At first I was going to do a big boom and build a new house from scratch,” says architect Gerardo Cerda about his initial plans for the Bucktown home he shares with his wife, Lauren, and their three young daughters. “Then at the last minute I reverted to Plan B.” Not that Gerardo, a principal in the firm Froelich Kim + Cerda Architecture, was compromising his vision. “Plan A—tearing it down—just never felt right,” he says. “I became more and more interested in the idea of taking a simple brick building and re-energizing it.”
It’s hard to believe this joyful, airy place was ever a claustrophobic two-flat honeycombed with windowless halls and tight little rooms. “It was a very humble building with no character,” notes 41-year-old Gerardo, who preserved the original façade (the structure dates to about 1908) as a neighborhood-compatible entrée into a spectacular new 3,500-square-foot single-family home. Hundred-year-old exposed brick walls in the front rooms transition to a 21st-century kitchen/family room addition at the rear. And a wall of glass allows sunlight to flood the room while making a verdant little greensward and enormous oak tree out back very much part of the living space. “In the summer the doors are always open,” says Lauren. “It’s such a healthy way to live.”

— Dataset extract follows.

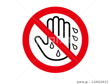 禁止濕手 禁止標記 禁止用濕手觸摸的象形圖插圖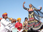 The main attraction of this festival is the folk music centered on the romantic lifestyle of Rajasthan's rulers. The music and dance of the Marwar region is the main theme of this festival. The folk dancers and singers assemble at the festival and provide lively entertainment. These folk artists give others a peek into the days of yore, of battles and of the heroes who still live on through their songs.

Gerardo’s boldest move was the design of the upstairs terrace off the master bedroom, where an open-air rectangle of stucco frames what is essentially an outdoor room. It’s a strong sculptural statement. “If you look out the window you see all these random wooden decks. Ours looks so different, almost tropical,” says Lauren. “I wanted another way to make the house uniquely mine,” says Gerardo of the personal stamp the terrace puts on the place.
The kitchen bears a different stamp—an Italian one. Gerardo designed it with the help of Roman-born Chicagoan Luca Lanzetta, owner of the kitchen showroom Ernestomeda. Gerardo says he becomes more enamored each day with the beauty of the Italian cabinets’ cozy minimalism. “I love the warmth of the rift-cut oak and the clean lines,” he says. “This kitchen keeps things so open, flowing indoors to outdoors, we feel like we have a lot of space. And that feels so good.” Not bad for a Plan B.